↓
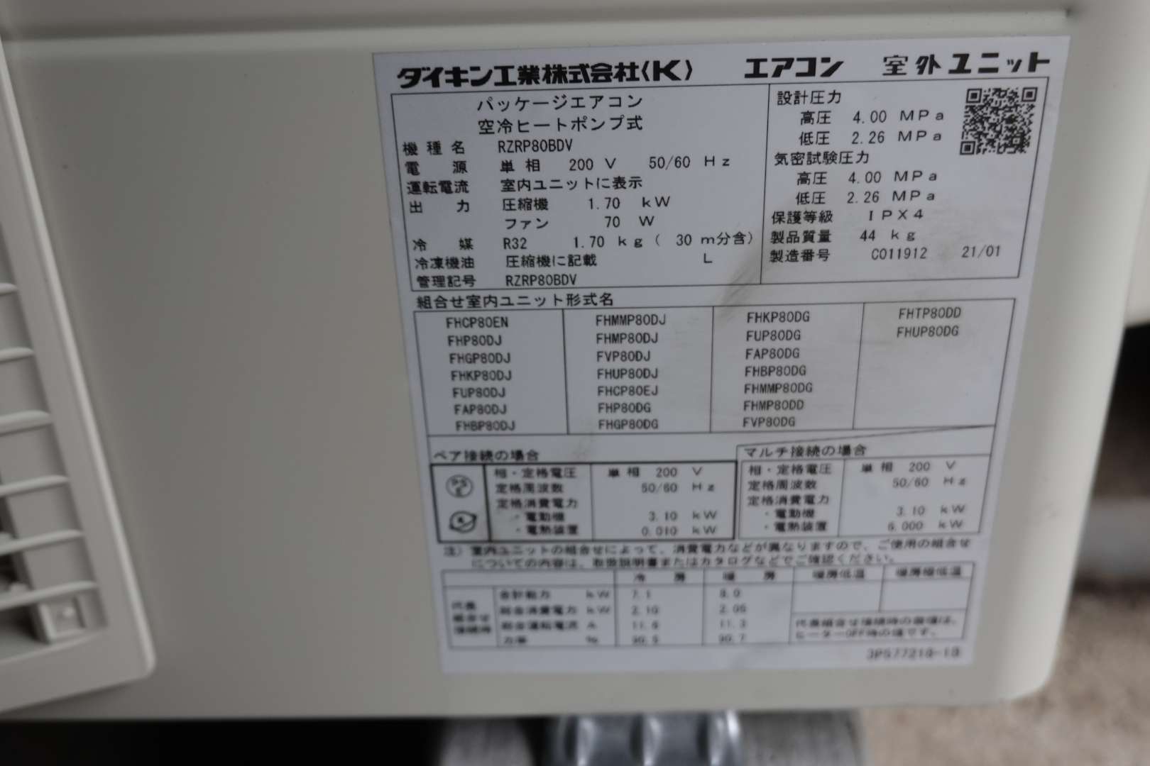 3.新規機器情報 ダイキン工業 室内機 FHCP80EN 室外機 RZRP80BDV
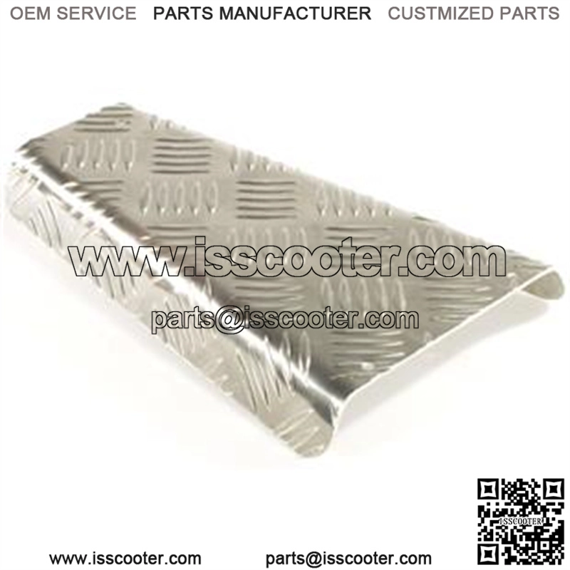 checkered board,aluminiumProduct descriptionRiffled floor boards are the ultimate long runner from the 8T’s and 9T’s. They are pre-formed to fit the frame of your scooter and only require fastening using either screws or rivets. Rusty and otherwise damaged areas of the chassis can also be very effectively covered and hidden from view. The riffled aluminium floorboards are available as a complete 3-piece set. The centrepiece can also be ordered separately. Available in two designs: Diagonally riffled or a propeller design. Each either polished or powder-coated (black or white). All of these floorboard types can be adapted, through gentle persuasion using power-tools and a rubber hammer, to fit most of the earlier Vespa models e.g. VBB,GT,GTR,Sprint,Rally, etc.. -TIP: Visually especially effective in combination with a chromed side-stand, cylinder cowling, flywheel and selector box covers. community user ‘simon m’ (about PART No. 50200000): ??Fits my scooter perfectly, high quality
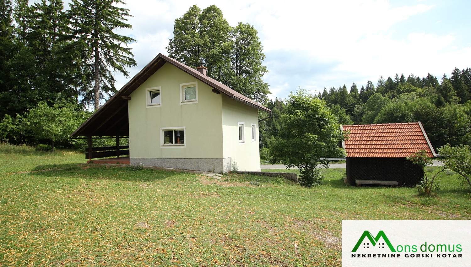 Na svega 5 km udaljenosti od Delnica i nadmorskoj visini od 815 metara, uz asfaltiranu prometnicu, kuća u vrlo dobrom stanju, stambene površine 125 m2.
↑
• HOW TO COMPLETE THIS TASK
All of the material is to be reproduced verbatim, pictures excluded.

• EXERCISE OUTPUT
 3.新規機器情報 ダイキン工業 室内機 FHCP80EN 室外機 RZRP80BDV
 checkered board,aluminiumProduct descriptionRiffled floor boards are the ultimate long runner from the 8T’s and 9T’s. They are pre-formed to fit the frame of your scooter and only require fastening using either screws or rivets. Rusty and otherwise damaged areas of the chassis can also be very effectively covered and hidden from view. The riffled aluminium floorboards are available as a complete 3-piece set. The centrepiece can also be ordered separately. Available in two designs: Diagonally riffled or a propeller design. Each either polished or powder-coated (black or white). All of these floorboard types can be adapted, through gentle persuasion using power-tools and a rubber hammer, to fit most of the earlier Vespa models e.g. VBB,GT,GTR,Sprint,Rally, etc.. -TIP: Visually especially effective in combination with a chromed side-stand, cylinder cowling, flywheel and selector box covers. community user ‘simon m’ (about PART No. 50200000): ??Fits my scooter perfectly, high quality
 Na svega 5 km udaljenosti od Delnica i nadmorskoj visini od 815 metara, uz asfaltiranu prometnicu, kuća u vrlo dobrom stanju, stambene površine 125 m2.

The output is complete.